If we had multiple parties, all with a reasonable opportunity to win elections, then there would not be a single opposing team to focus venom on. With many different opponents the utility of negative advertising would diminish if not vanish -- and that would reduce the importance of money to buy outrageously expensive twenty-second advertisements on television. But there would be more of a need to explore the many different candidates and the details of their views on issues. These are all points made in the earliest articles in this series of articles.

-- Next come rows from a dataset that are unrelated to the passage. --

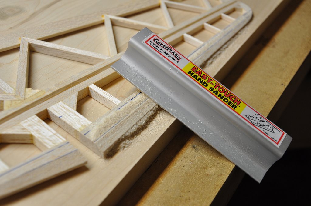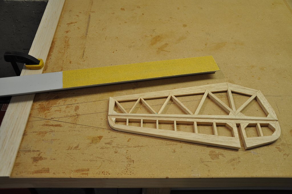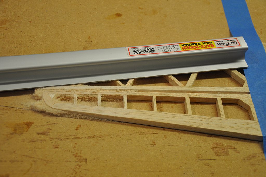 Then using the slope values given on the plans, I set the fin on a block of wood and began sanding up to the lines.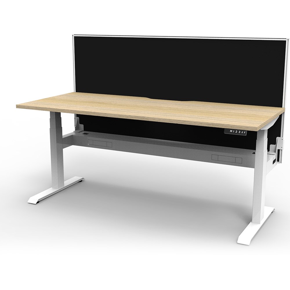 1500mm W x 750mm D x 1330mm H 1270mm Table top Height. Single Workstation with Screen and cable tray. E0 Rated Top, Powdercoat Base. Keypad Safety Lock & Reminder Alarm Setting. Digital Control Panel With 3 Pre-Set Postions. LED Display Panel. Anti- Collision & Anti-Tilt Technology. Dual Motor 3 stage motorised legs. 120kg weight loading capacity. 10 Year Manufacturer's Warranty.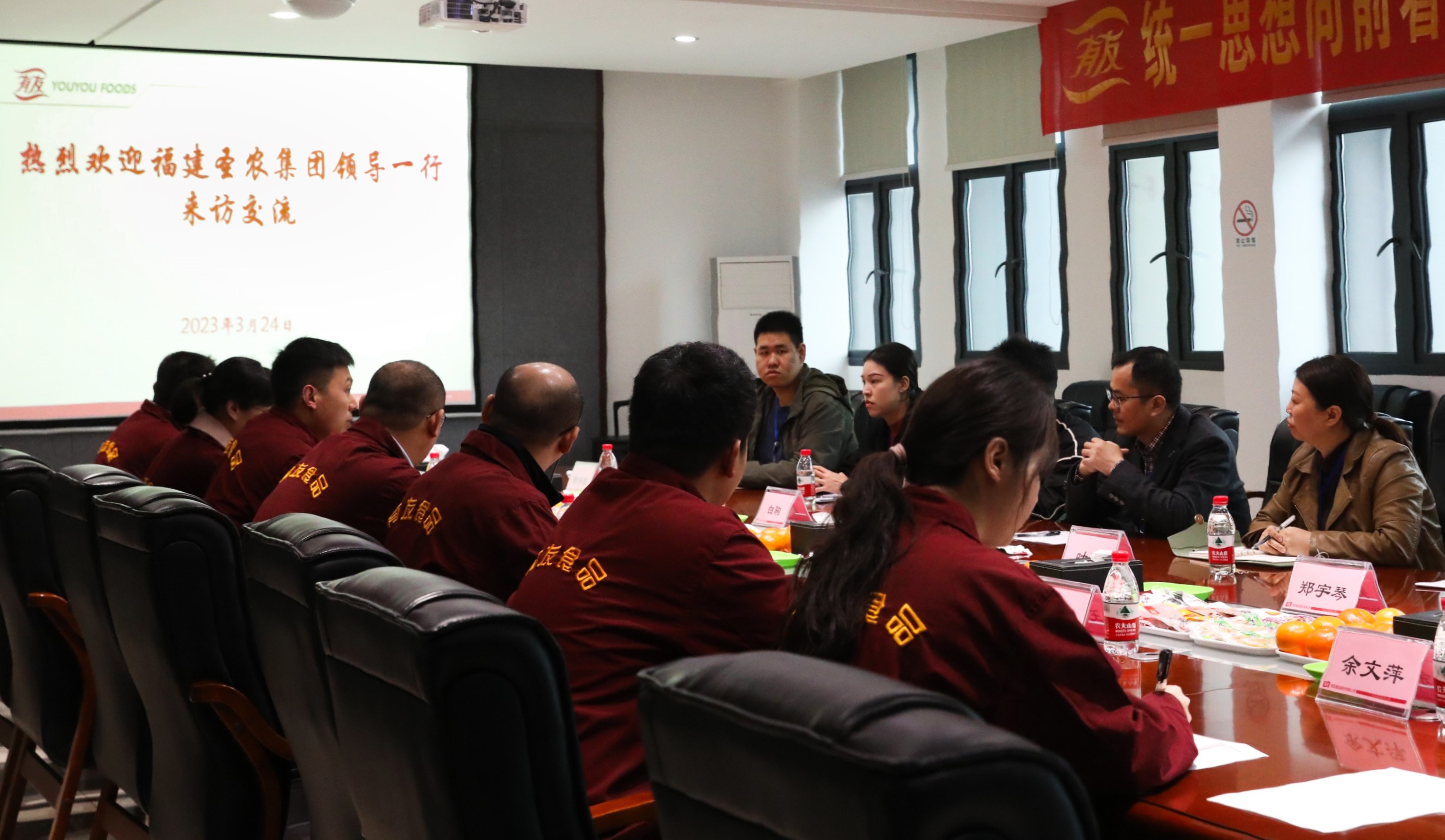 3月24日,福建圣农发展股份有限公司品管部总监叶蔚一行前往开云英超官网_开云online(中国)璧山生产基地参观交流,深入了解有友25年来的发展路径,与开云英超官网_开云online(中国)常务副总鹿游进行座谈交流。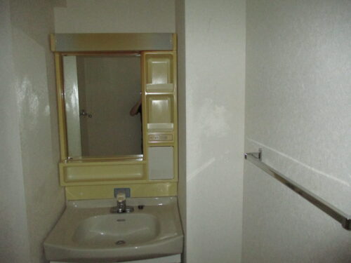 長年の使用により全体的に黄ばみが目立ち薄暗い印象を与える古い洗面化粧台です。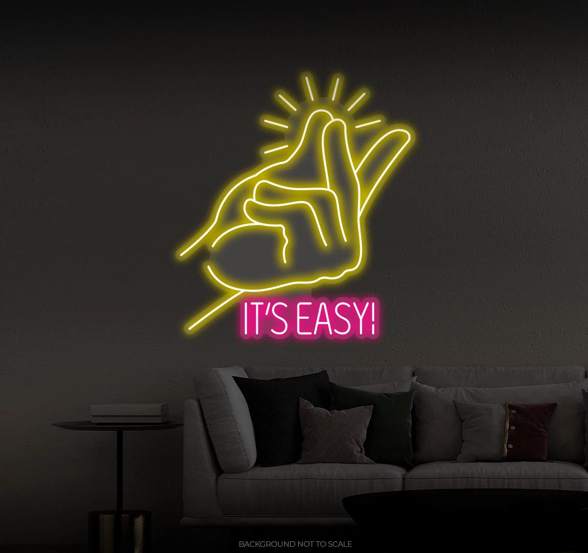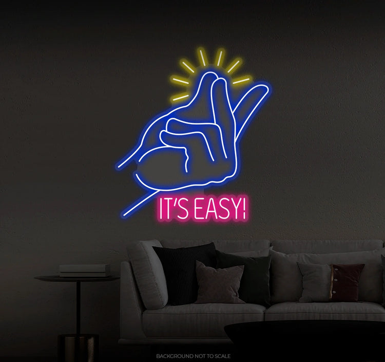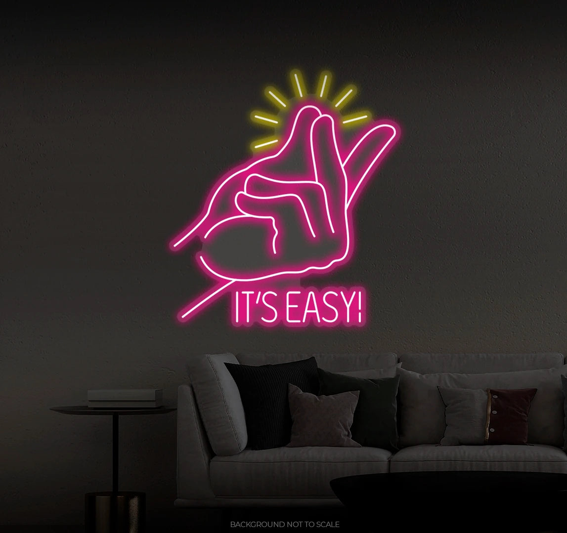 Make a bold statement with the Eat Easy Snapping Fingers LED Neon! Featuring a snapping hand gesture alongside the words "Eat Easy," this neon sign exudes effortless cool and adds a modern, playful vibe to any space. Ideal for kitchens, cafes, dining areas, or as a quirky decor piece, this design encourages a laid-back approach to life and dining.

To quote from Wikipedia, in political science, Duverger's law is a principle that asserts that plurality-rule elections structured within single-member districts tend to favor a two-party system. A brief and informative talk on Duverger's law will provide some further insight into this observation, first made in the 1950s by Maurice Duverger. It is not all that new an idea, but it is one that seems to be studiously ignored, not only in Washington (which is understandable) but by leaders like Ralph Nader who favor the ascent of additional political parties. Plurality voting is, of course, the system of voting we use almost universally in this country. Until we move away from plurality voting there is little chance that those additional political parties can ever take hold.
In the talk on Duverger's law that is referenced above, it is observed that two characteristic of plurality voting enforce the two-party system. The most important one would seem to be that plurality voting means that there is a very high hurdle that any candidate must jump in order to win election; getting more voters than any other candidate -- saying that you are their very first choice -- is something that takes a whole lot of recognition and support; it takes a very big political party. In this series of articles we have seen that using a balanced voting system is the key to solving this problem.

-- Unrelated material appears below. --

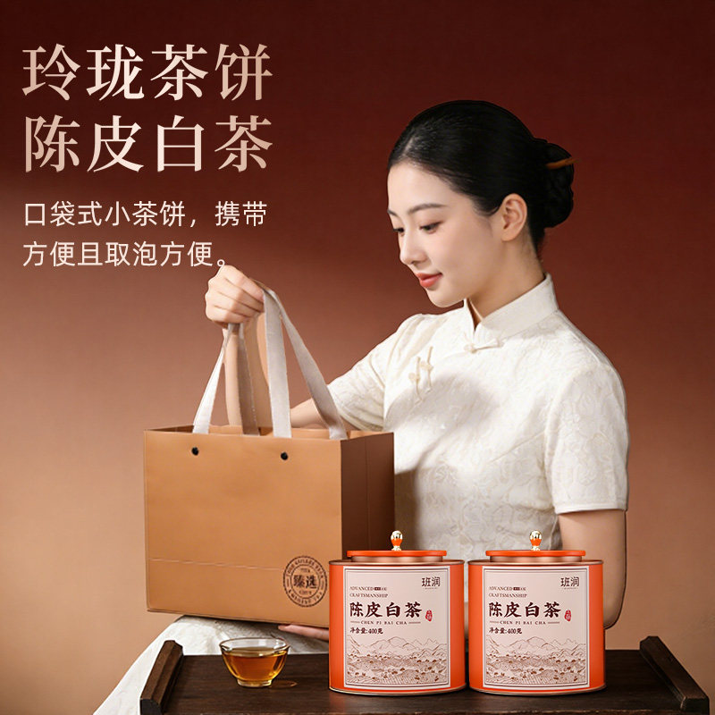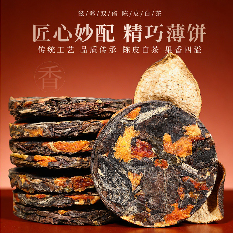 十年陈新会老陈皮白茶福建寿眉贡眉福鼎白茶小茶饼茶叶礼盒装送礼

Somehow though, aside from this series of articles, little attention has been given to this first issue. But a number of different voting schemes like approval voting and instant runoff voting have been suggested as solutions to the second problem. That second problem is that, with plurality voting, individual voters, knowing about the high hurdle, tend not to vote for the candidate they most like but rather the candidate they like most among the few they judge have a chance of winning.

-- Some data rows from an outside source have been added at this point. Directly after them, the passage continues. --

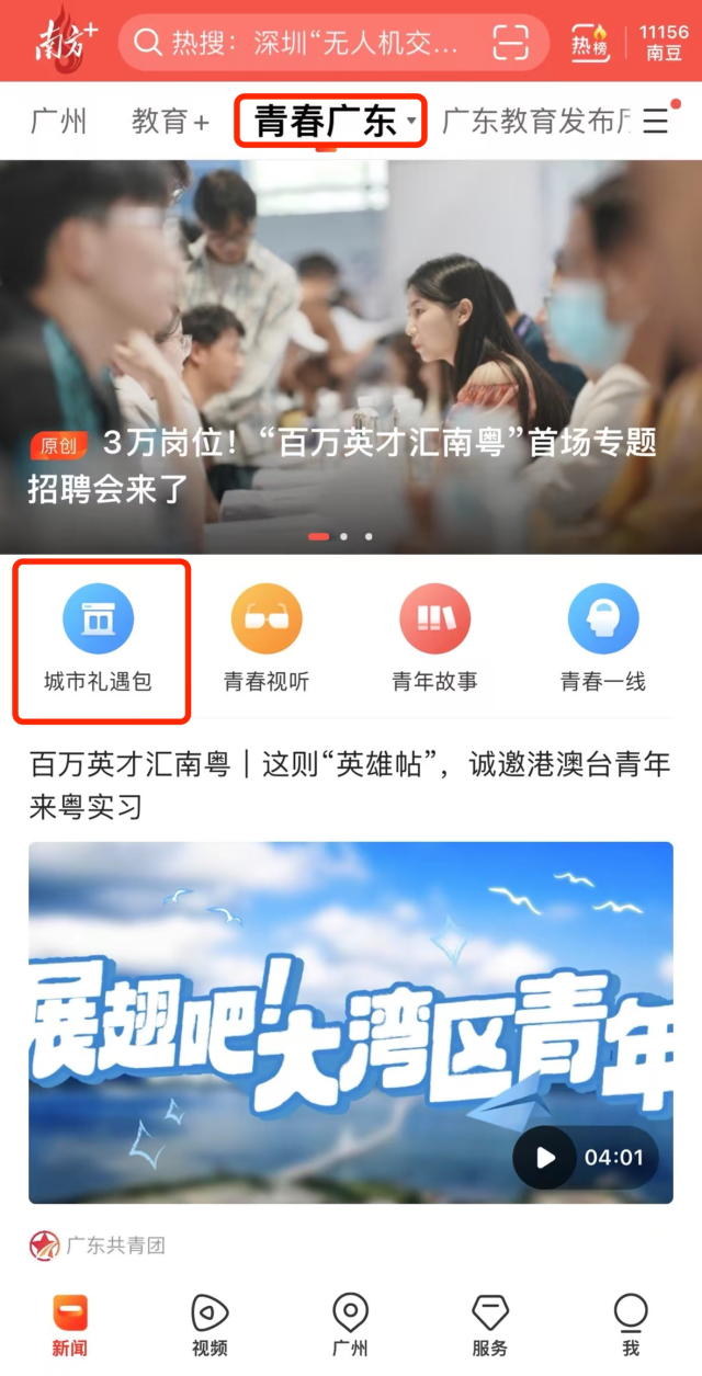 打开南方+客户端“青春广东频道”,点击“城市礼遇包”入口,即可查询。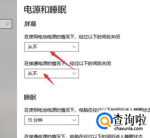 然后点击电源和睡眠,接着将下面的两个选项都设置成从不,这时候就不会使屏幕锁屏了,也能让屏幕一直亮着了。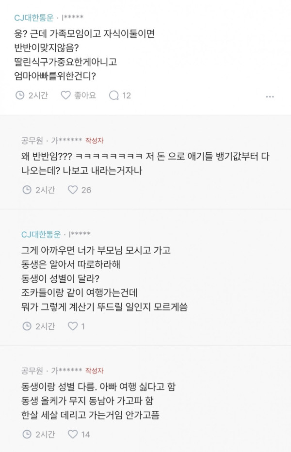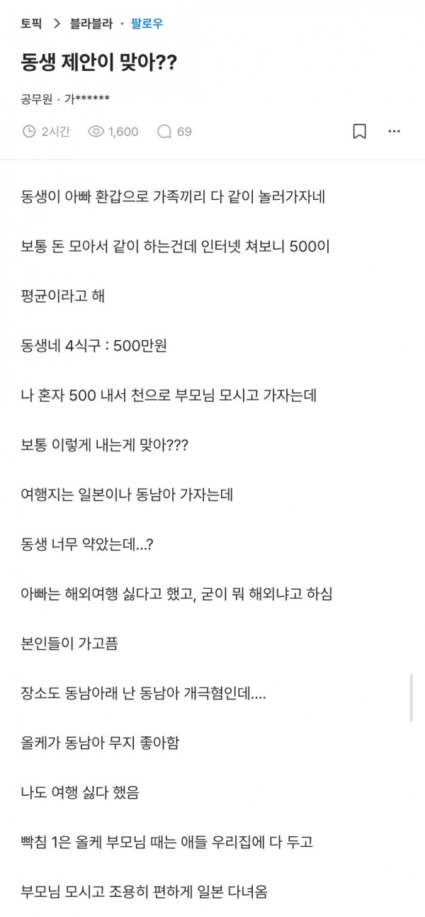 형제 중 결혼안한 사람들이 늘어나면서 비슷한 고민이 커뮤에 되게 자주 올라오는듯 (ex. 여행, 식사자리, 형제곗돈..)

In this series of articles we have seen how several of the voting systems that resolve the second problem -- of the tendency toward strategic voting - can be adapted to be balanced systems that will also solve both of these two problems. Balanced voting systems will discourage polarization by offering voters a better opportunity to express their views. They might well be the best solution to the problems that Obama noted are plaguing our political system.
As noted in earlier articles, we can change the way we vote without any federal legislation. Our rules for voting are set by the individual states and in many instances those rules can be changed through voter initiatives. This is very fortunate -- we do not have to get approval from the very people in Washington who most benefit from two-party polarization in order to move away from it.